Arkloop Developers
Specifications

Logging and Observability Strategy

This document describes Arkloop's logging system architecture, covering the roles of application logs, audit logs, and Run Events.

1. Boundaries of the Three Record Types

CategoryPurposeStorage
Run EventsBusiness event stream (SSE + storage + playback)run_events table (partitioned by month)
Application LogsOperational troubleshooting (service health, exceptions, latency)stdout JSON
Audit LogsSecurity auditing (management actions, access, permission changes)audit_logs table

This strategy focuses on Application Logs and requires coordination with Run Events fields.

2. Code Attribution

ServicePath
APIsrc/services/api/internal/observability/ + src/services/api/internal/http/
Workersrc/services/worker/internal/app/ (logger configuration + trace_id propagation)

Principles:

  • Core logic expresses processes through Run Events, not direct dependency on logging.
  • Logging is configured by the API/Worker composition root; business modules only receive the pre-configured logger / context accessor.

3. Structured JSON (stdout)

All services output single-line JSON to stdout:

  • Timestamps are unified as ISO8601 (UTC).
  • exception/stack are serialized as fields.
  • Compatible with Loki/ELK/Datadog collection.

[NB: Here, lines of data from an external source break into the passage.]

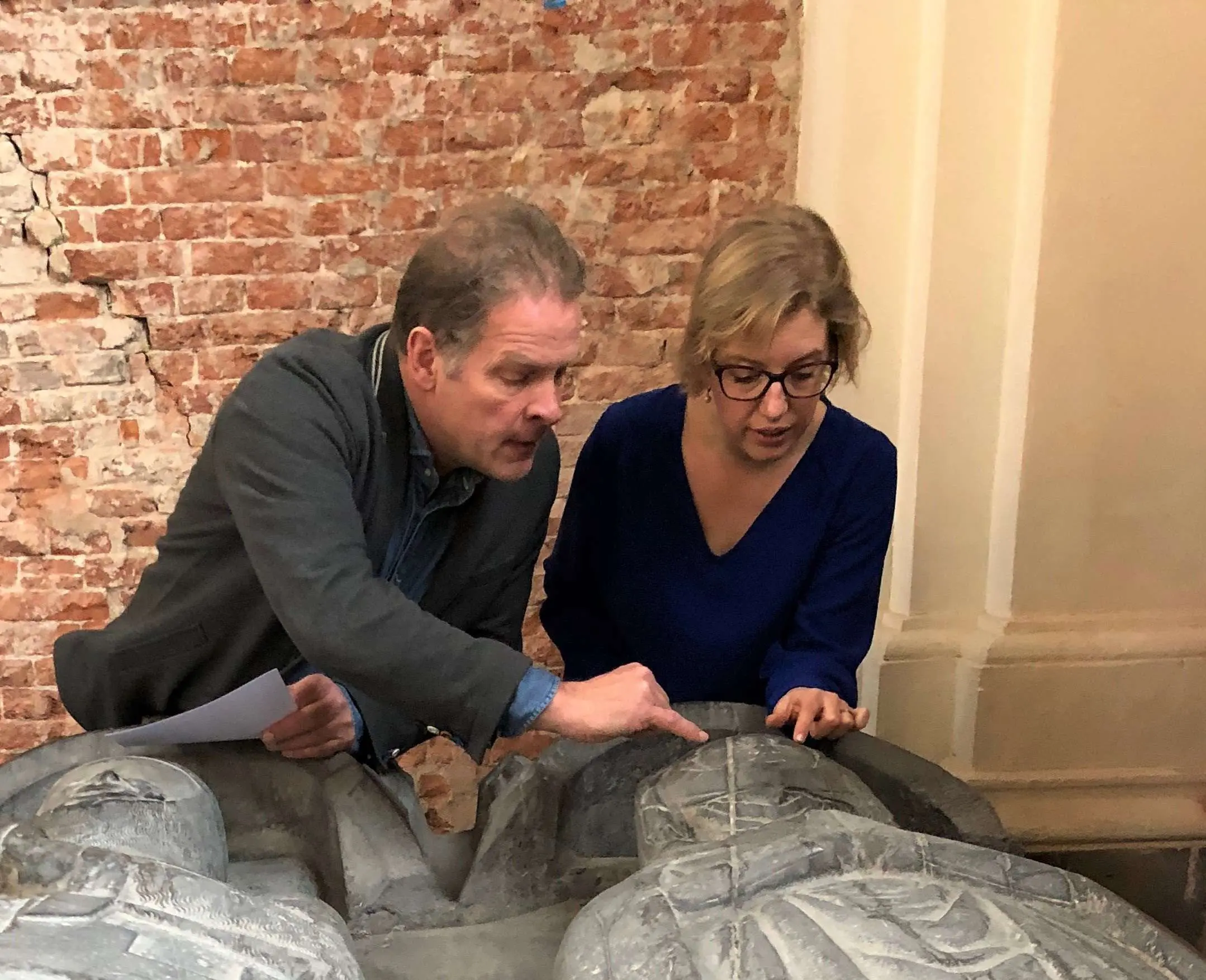 Erik en Sanne Frequin bij de graftombe van een van de Heren van Arkel en zijn vrouw. Foto: NTR/Blazhoffski
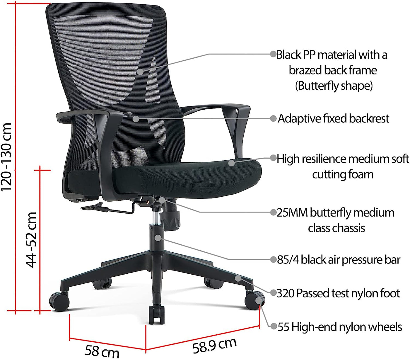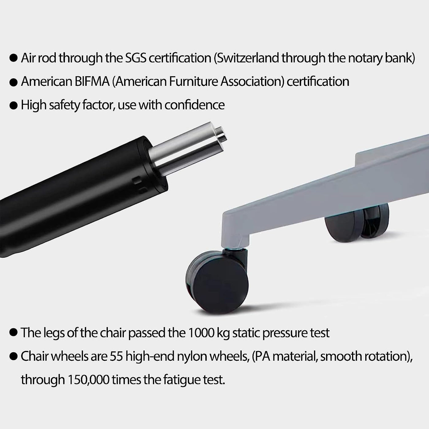 • 【Excellent performance, high quality materials】The computer chair has passed the 102kg push back test and 950kg static pressure test, and the height adjustable GAS bar has passed SGS certification, stable and safe. The backrest is made of a high-quality polyester mesh, highly elastic and non-deformable, wear-resistant, and breathable. The cushion is filled with a high-density thick sponge, soft and durable, keep cool without sweating, so you can relax comfortably.
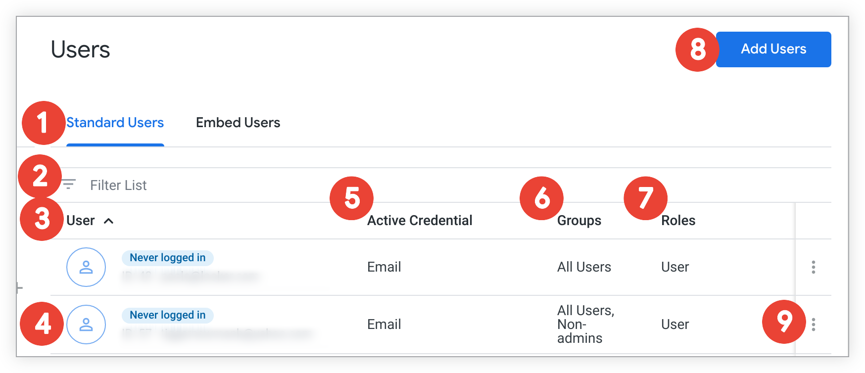 - The Standard Users tab shows users who sign in to Looker directly, through either the regular authentication process or through the Looker API.
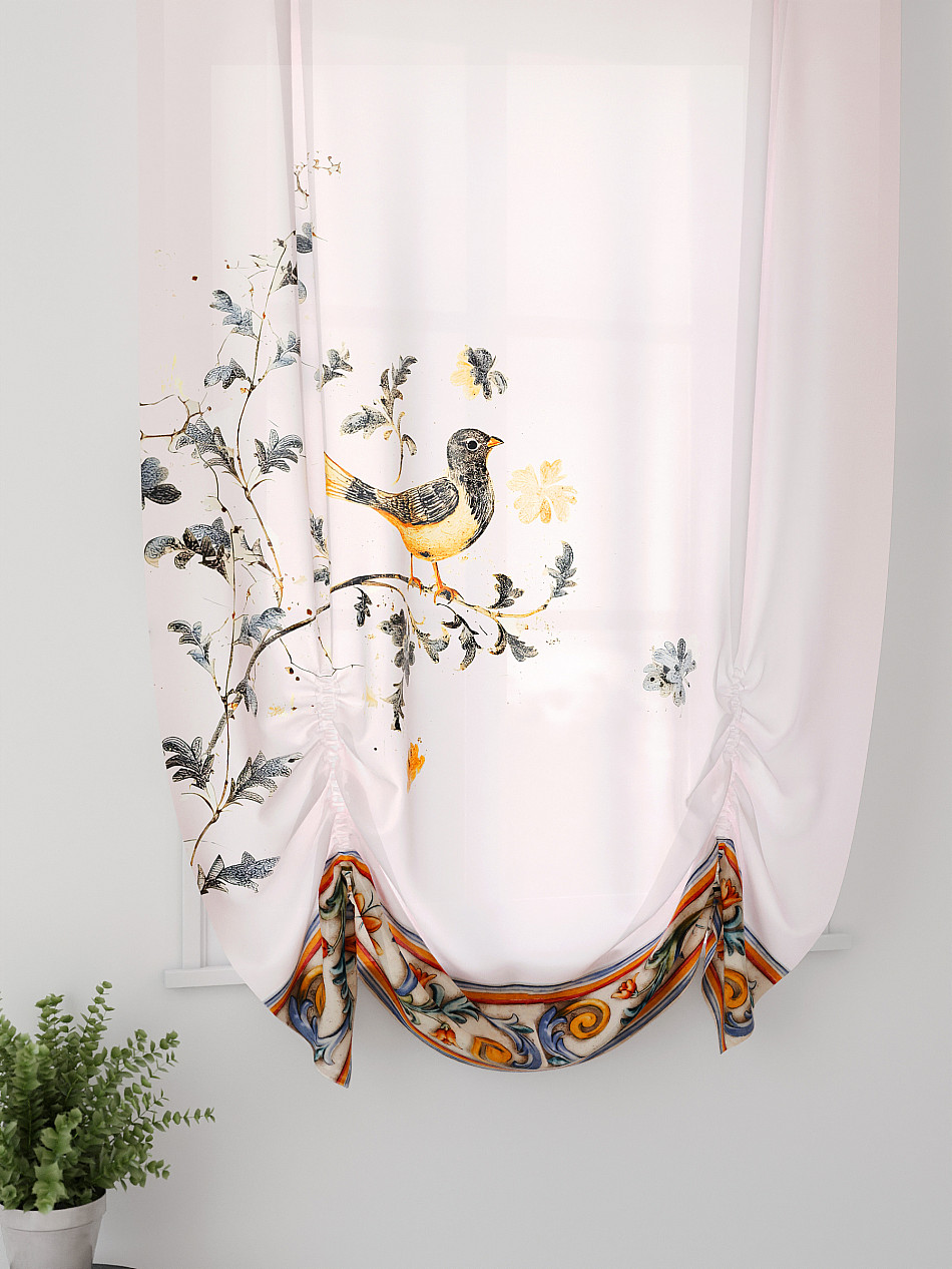 ВыбратьТюль 1 шт. Легкий, мягкий тюль из вуали оформлен фотопечатью, дополнен отделкой в виде декоративных завязок. Тюль имитирует австрийскую штору. Вуаль с матовой полупрозрачной текстурой. Отличается особым шиком, идеально подходит для создания воздушных штор. Придает ощущение свежести, хорошо пропускает воздух. Ткань неприхотлива в уходе, хорошо стирается без разрушения волокон с течением времени за счет высокого кручения нитей.

4. End-to-End trace_id Propagation

4.1 Generation and Propagation

  • The HTTP entry point (TraceMiddleware) generates the trace_id.
  • Written to: log fields, API error responses, HTTP header X-Trace-Id, and Run Events.
  • Propagated to the Worker via jobs.payload_json, where the Worker restores the context.

4.2 Trust Policy

  • trace_id from standard clients is untrusted.
  • Trusted upstreams (Gateway): ARKLOOP_TRUST_INCOMING_TRACE_ID=1.
  • Client IP: ARKLOOP_TRUST_X_FORWARDED_FOR=1 (enabled only in reverse proxy scenarios).

4.3 Correlation ID Distinction

IDDescription
trace_idEnd-to-end tracing
request_idSingle HTTP request
run_idAgent Loop execution instance

5. Automatic Context Injection

Logs automatically populate fields through context binding, avoiding line-by-line manual entry.

Required context fields (priority high to low):

  • trace_id, request_id
  • org_id, user_id
  • project_id, thread_id, run_id
  • tool_call_id, event_id
  • component (api / worker / gateway)

6. Data Masking Policy

Never Log:

  • Authorization, Cookie, model provider keys, system prompt source.

Tool Parameters/Outputs:

  • Application logs only record tool_name, duration, and error classification.
  • Plaintext parameters enter Run Events (masked/classified by policy).

User Inputs/Model Outputs:

  • Application logs only record length/summary.
  • Playback and auditing rely on Run Events.

7. Log Field Schema

Field naming: snake_case + lowercase (trace_id, not traceId).

CategoryField
Commonts, level, logger, msg, component, env, version
Correlationtrace_id, request_id, org_id, user_id, project_id, thread_id, run_id
Executionduration_ms, attempt, timeout_ms
Tooltool_name, tool_call_id, risk_level
Costprovider, model, input_tokens, output_tokens, cost_usd
Errorerror_class, error_code, exception, stack

8. Error Classification

Aligned with the API error model:

ClassificationDescription
auth.*Authentication/Permissions
validation.*Schema validation
policy.*Policy interception
budget.*Budget/Quota
provider.*Model provider errors
mcp.*MCP protocol errors
internal.*Internal errors

Additional fields: retryable (retry flag), duration_ms, cost_usd.

9. Roles of Run Events vs. Application Logs

ScenarioWrite Target
Who called which tool, parameters/results, policy interception, budget changesRun Events
Dependency exceptions, timeouts, database errors, Worker crashes, upstream instabilityApplication Logs

When the same fact is needed by both:

  • Run Events retain business semantics.
  • Application logs only retain correlation fields + duration, avoiding duplicate sensitive plaintext.

10. Audit Logs

The audit_logs table records all management operations:

FieldDescription
user_idActor
actionAction type
resource_typeResource type
ip_addressSource IP
user_agentClient identifier

Any unauthorized viewing/export/policy changes must be recorded in audit logs.

11. OpenTelemetry Evolution Path

Current: trace_id is used for end-to-end tracing.

Future: OTel will be introduced as an enhancement, requiring alignment with log fields (trace_id / span_id). Its introduction will not break the existing log schema.